Omit every picture. Return all other data as it stands.

********************

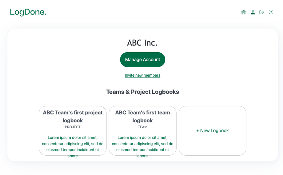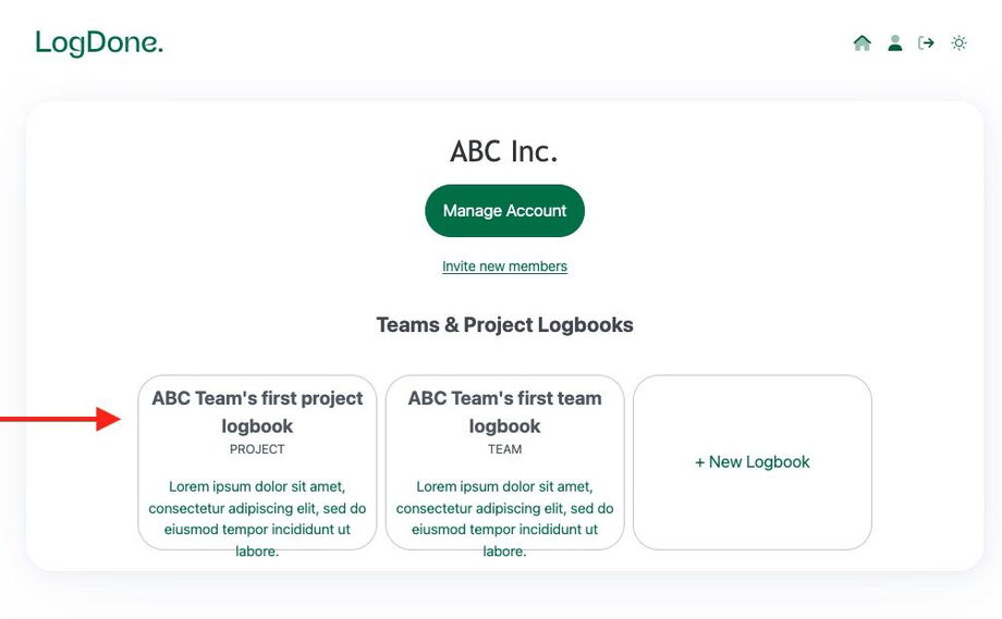 Front and center, you’ll see your active logbooks. Click any to dive in or create a new one with just a click.
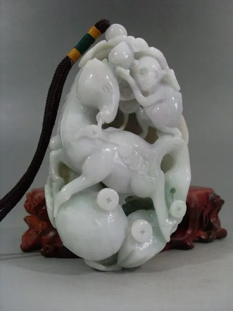 Chinese Jadeite Jade Carving of Horse and Monkey
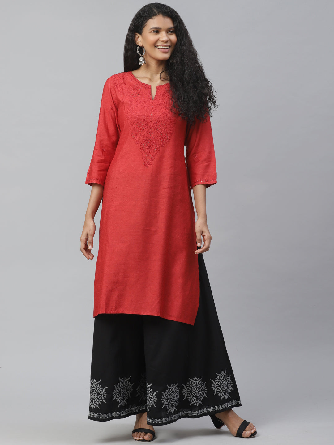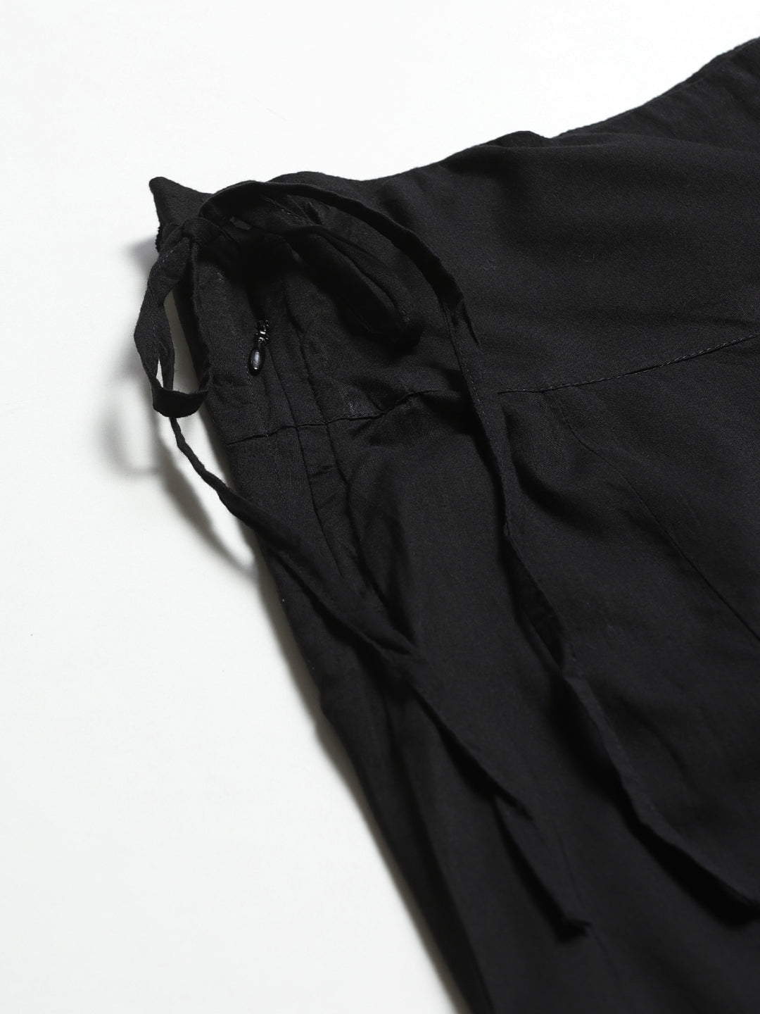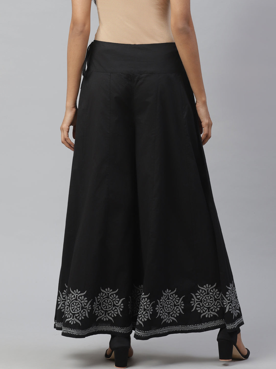 A pair of Black and Grey Chikankari embroidered hem design woven flared fit Palazzos, opaque, and drawstring and zip closure
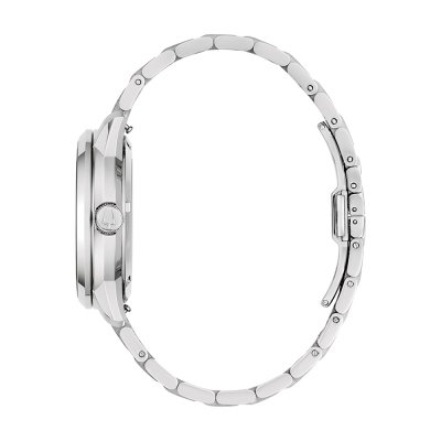 Cette montre Bulova a un boîtier Inox 40 mm en diamètre et est équipée d'un bracelet Inox. Le boîtier contient un mouvement Miyota et la montre est dotée d'un cristal Saphir antireflet unique..
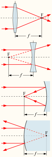 The power of a lens or curved mirror in Dioptres is calculated by the relationship D=1/F, where D is the power in Dioptres and F is the focal length of the device in metres. A convex lens and a concave mirror have positive focal lengths, and hence their strength in Dioptres is also positive. If the lens is concave or the mirror is convex, the focal length, and hence the power in Dioptres, is negative.

********************

ANSWER TO THE EXERCISE:
 Front and center, you’ll see your active logbooks. Click any to dive in or create a new one with just a click.
 Chinese Jadeite Jade Carving of Horse and Monkey
 A pair of Black and Grey Chikankari embroidered hem design woven flared fit Palazzos, opaque, and drawstring and zip closure
 Cette montre Bulova a un boîtier Inox 40 mm en diamètre et est équipée d'un bracelet Inox. Le boîtier contient un mouvement Miyota et la montre est dotée d'un cristal Saphir antireflet unique..
 The power of a lens or curved mirror in Dioptres is calculated by the relationship D=1/F, where D is the power in Dioptres and F is the focal length of the device in metres. A convex lens and a concave mirror have positive focal lengths, and hence their strength in Dioptres is also positive. If the lens is concave or the mirror is convex, the focal length, and hence the power in Dioptres, is negative.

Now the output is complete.